Parece que a sortida fauna que organiza protestos “contra tudo o que está aí” desde o feriadão de 7 de setembro já se cansou. Os organizadores colocaram a culpa na chuva, mas não conseguem explicar como, no mesmo dia, sob a mesma chuva, 400 mil pessoas foram às compras na rua 25 de Março e 40 mil fiéis se reuniram a céu aberto no Estádio do Pacaembu, em São Paulo, numa celebração evangélica. Nem se pode alegar falta de assunto, já que a velha mídia não se cansa de dar manchetes todos os dias sobre os “malfeitos” do governo, com destaque no momento para o Ministério do Trabalho do impoluto Carlos Lupi.

Na minha modesta opinião, o fracasso destas manifestações inspiradas na Primavera Árabe e nos protestos contra o capitalismo selvagem nas capitais européias e nos Estados Unidos, reside na falta de objetivos e de sinceridade dos diferentes movimentos que se apresentam como “apartidários” e “apolíticos”, como se isto fosse possível.
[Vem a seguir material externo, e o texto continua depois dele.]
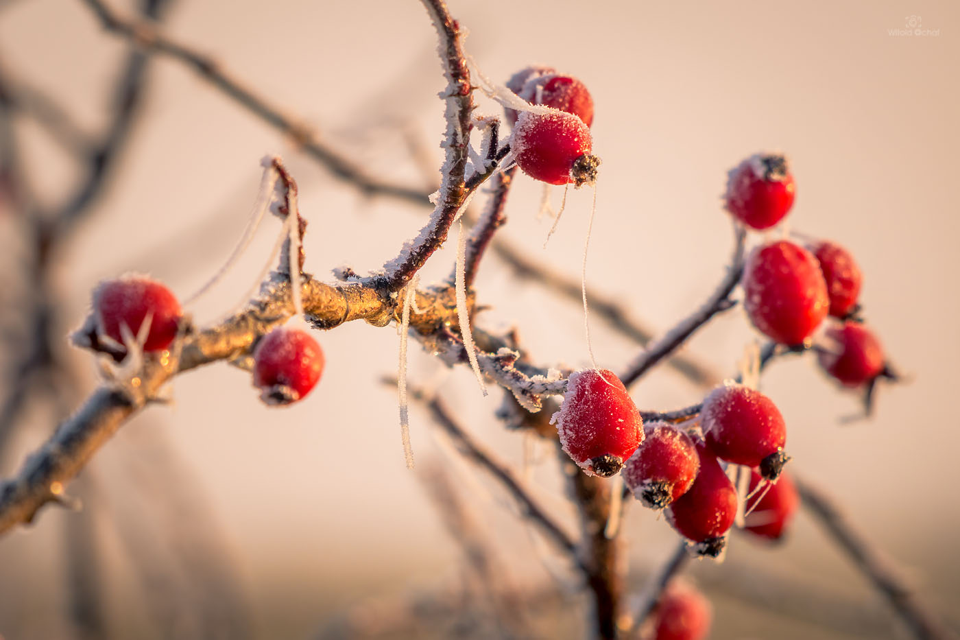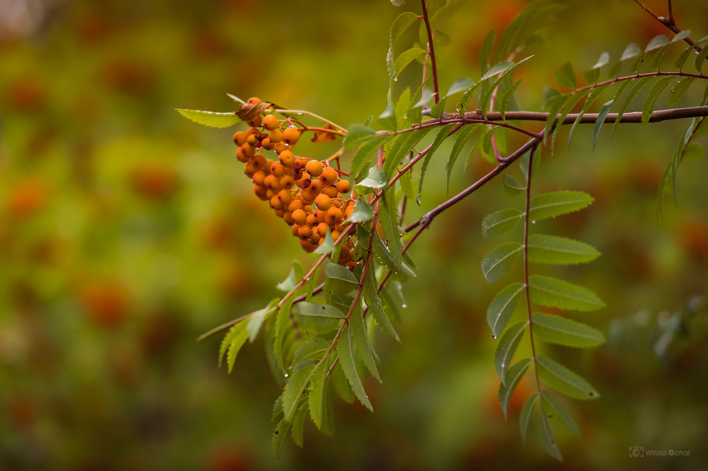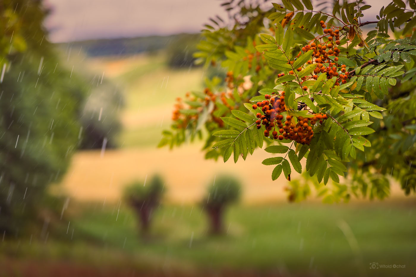 Oczywista sprawa, że wybiorę się tam jeszcze własnie któregoś wieczoru, kiedy owoce będą już czerwieniutkie. Tymczasem również podczas niedzielnego rekonesansu udało się złapać kilka kadrów, w tym jedno z padającym deszczem. A lunęło znienacka, kiedy akurat robiłem jedno ze zdjęć. W sumie fajnie wyszło z tym smugami kropli 🙂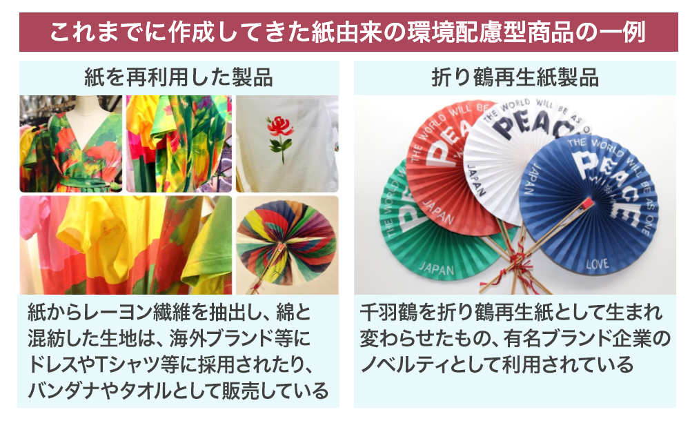 弊社は「PAPLUS®」を開発する以前から、紙の再資源化ソリューションプロバイダーとして、関連会社である株式会社日誠産業と共同で、損紙や古紙に付加価値をプラスした再資源化に取り組んでいました。具体的には、広島・長崎などに飾られた折り鶴をリサイクルしてデザイン扇を作成し、サステナビリティやエシカルなどの意識が高い国内外の有名企業やファッションブランドなどにノベルティアイテムとして活用していただいたりと、資源を有効活用した開発事業を多く手掛けてきました。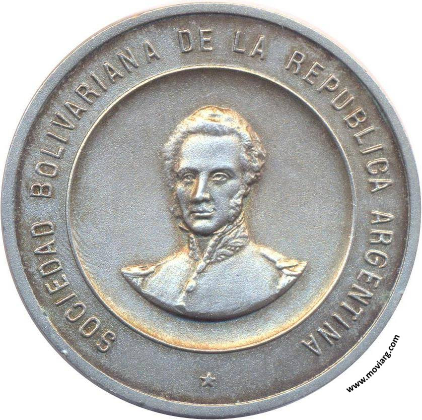 Anverso: SOCIEDAD BOLIVARIANA DE LA REPUBLICA ARGENTINA Reverso: HOMENAJE / AL / GENERAL / DANIEL F. O'LEARY / EDECÁN Y PRIMER BIÓGRAFO / DEL LIBERTADOR BOLIVAR / EN EL / CENTENARIO DE SU MUERTE / 1854 / 24 DE FEBRERO / 1954. Exergo: INDUSTRIA / ARGENTINA / 800 Referencia: | |

Pelo jeito, o povo brasileiro está feliz com o país em que vive – e, por isso, só vai às ruas por um bom motivo, não a convite dos antigos “formadores de opinião”.

Afinal, todos somos contra a corrupção – até os corruptos, para combater a concorrência, certamente -, mas esta turma é mesmo contra o governo. Basta ver quem são seus arautos na imprensa, que hoje abriga o que sobrou da oposição depois das últimas eleições presidenciais. Dilma pode demitir todos os ministros e fazer uma faxina geral na máquina do governo que eles ainda vão querer mais, e continuarão “convocando o povo” nas redes sociais. Valentes de internet, não estão habituados a enfrentar o sol e a chuva da vida real. Ao contrário do que acontece em outros países, estes eventos no Brasil são mais um fenômeno de mídia do que de massas – a mesma grande mídia que apoiou o golpe de 1964 e escondeu até onde pode a Campanha das Diretas Já, em 1984 (com a honrosa exceção da “Folha de S. Paulo”, onde eu trabalhava na época).

Eles não enganam mais ninguém. O povo não é bobo faz tempo.

Ninguém segura a armada corintiana

Como previsto aqui, no começo do campeonato, o Corinthians é o virtual vencedor do Brasileiro deste ano. Tudo conspira nesse sentido, com a colaboração destacada de seus mais diretos concorrentes – Vasco, Botafogo e Flamengo. O único que ainda se mantém vivo e com algum poder de reação é o Fluminense, mas os quatro pontos de distância praticamente inviabilizam qualquer aproximação a três rodadas do final. Quanto ao Timão, além da força de bastidores, mantém a regularidade. Tecnicamente, não encanta ninguém, mas vai “goleando” por 1 a 0 e 2 a 1, acumulando os pontos necessários. Ontem, em Fortaleza, encontrou um Ceará surpreendentemente passivo, que não opôs maior resistência. A festa dos campeões, como anteviu a CBF, só podia mesmo ser realizada em São Paulo.